Data extract:
---*---
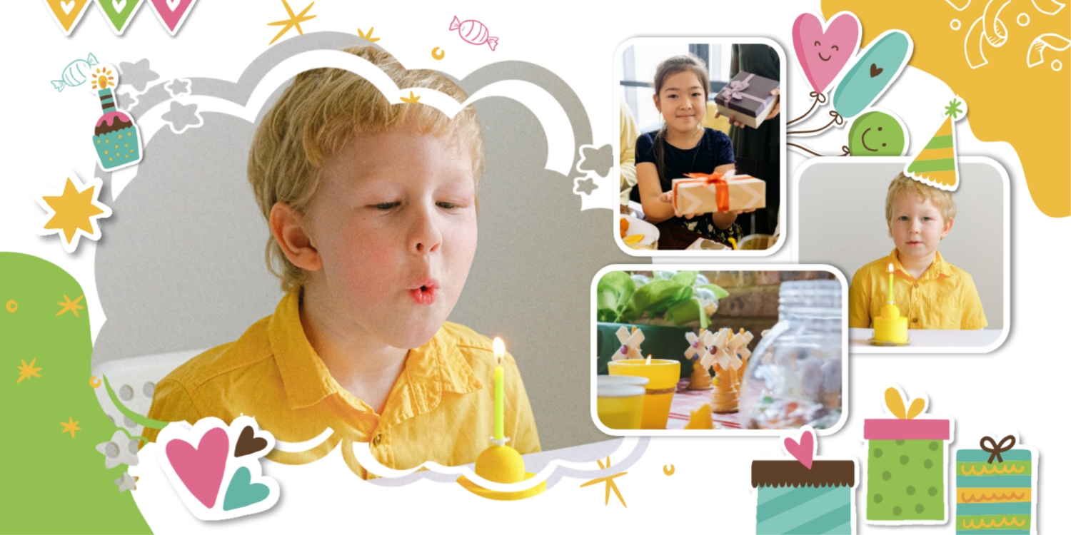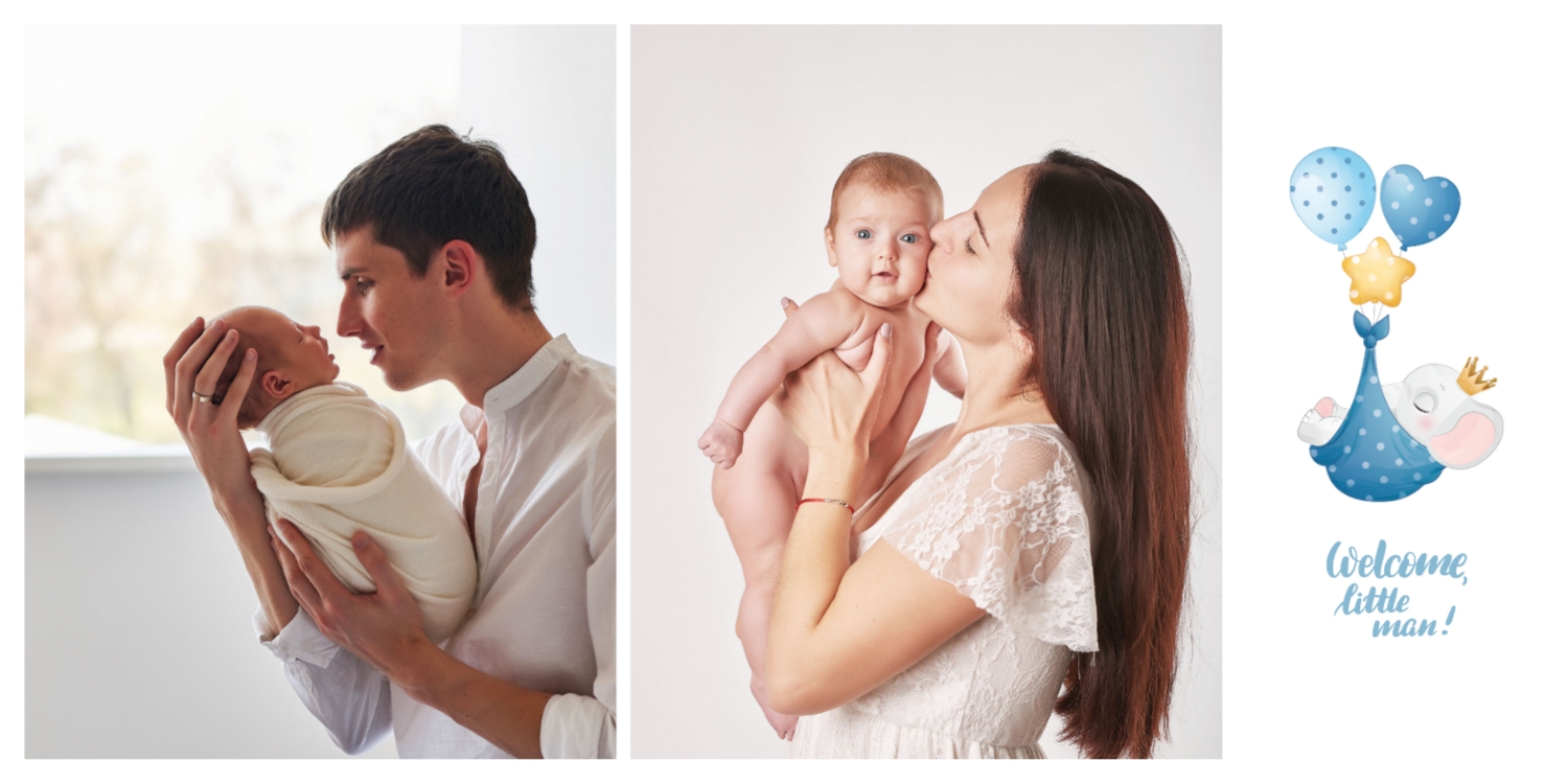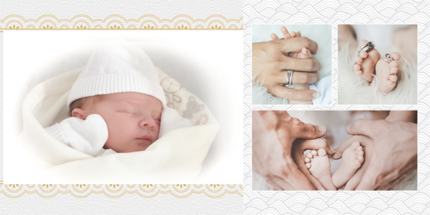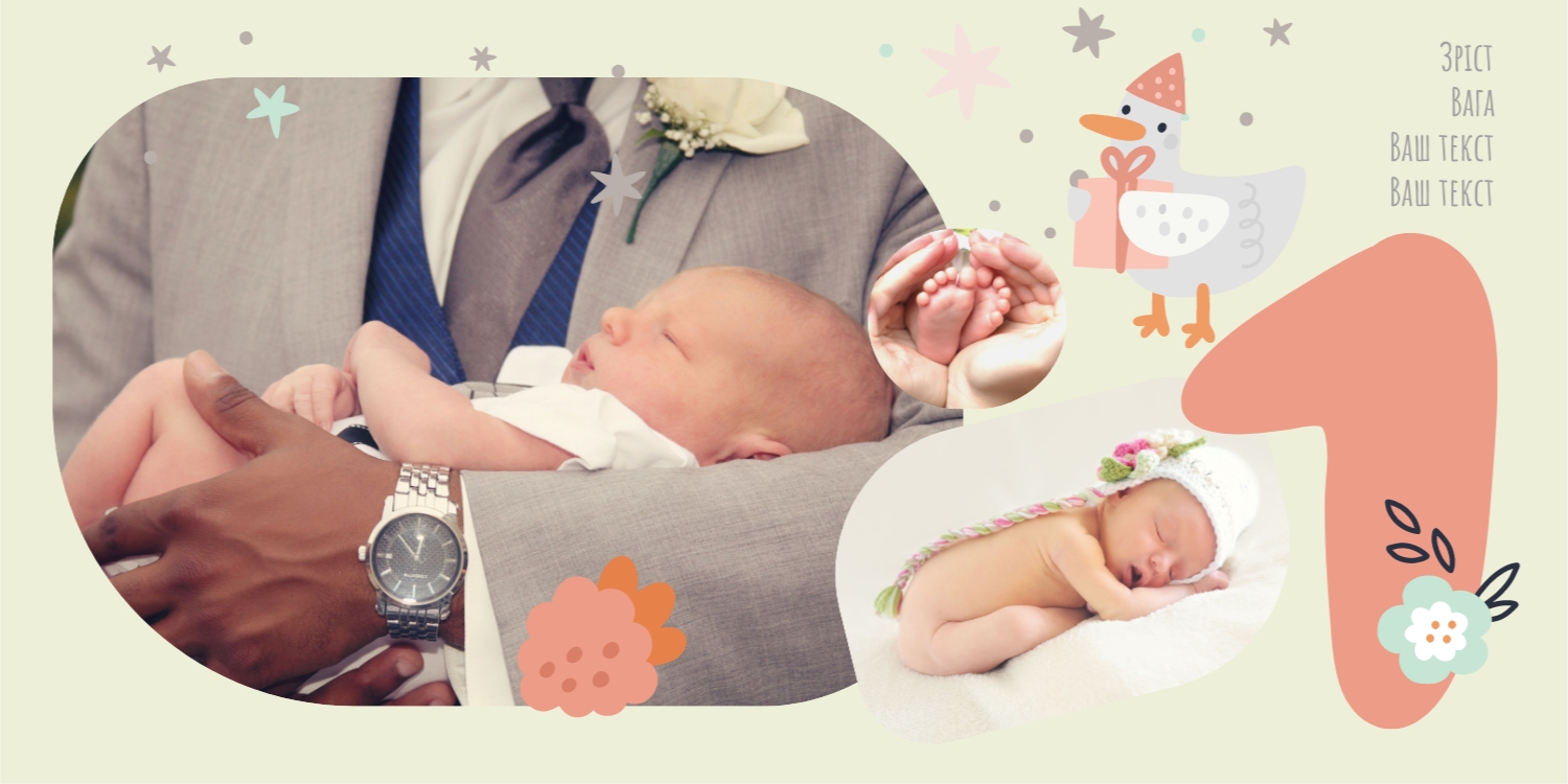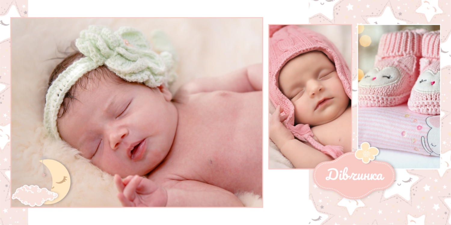Безкоштовний шаблон дитячої фотокниги від народження до року. Створіть макет власноруч в онлайн-конструкторі фотокниг.
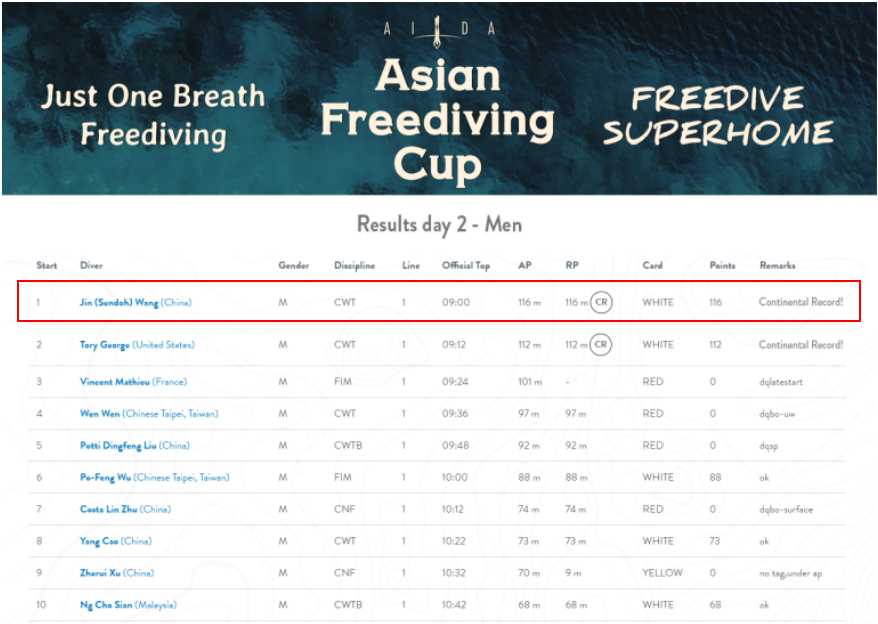● アジアフリーダイビングカップの元チャンピオンであるSendoh Wang (中国) は、その卓越した功績とダイビングへの献身的な姿勢で有名です
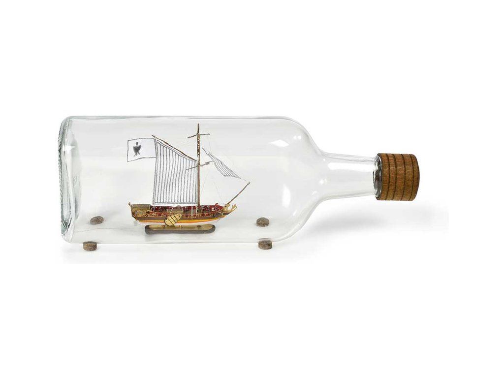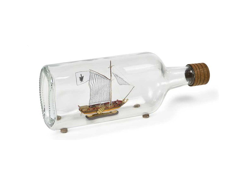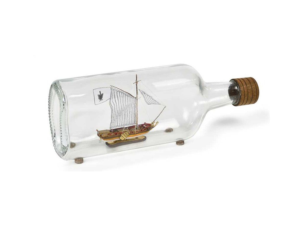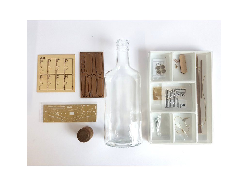 Balení obsahuje hotový polotovar trupu, překližkové díly, dřevěné lišty, skleněná láhev, blistr s drobnými díly, sadu výkresů a návod anglický a italský.
---*---
Only the lines from the one with "Wang (中国) は、その卓越した功績とダイビングへの献身的な姿勢で有名です" through the end of the listing above should be output, exactly as written and with no pictures.

● アジアフリーダイビングカップの元チャンピオンであるSendoh Wang (中国) は、その卓越した功績とダイビングへの献身的な姿勢で有名です
 Balení obsahuje hotový polotovar trupu, překližkové díly, dřevěné lišty, skleněná láhev, blistr s drobnými díly, sadu výkresů a návod anglický a italský.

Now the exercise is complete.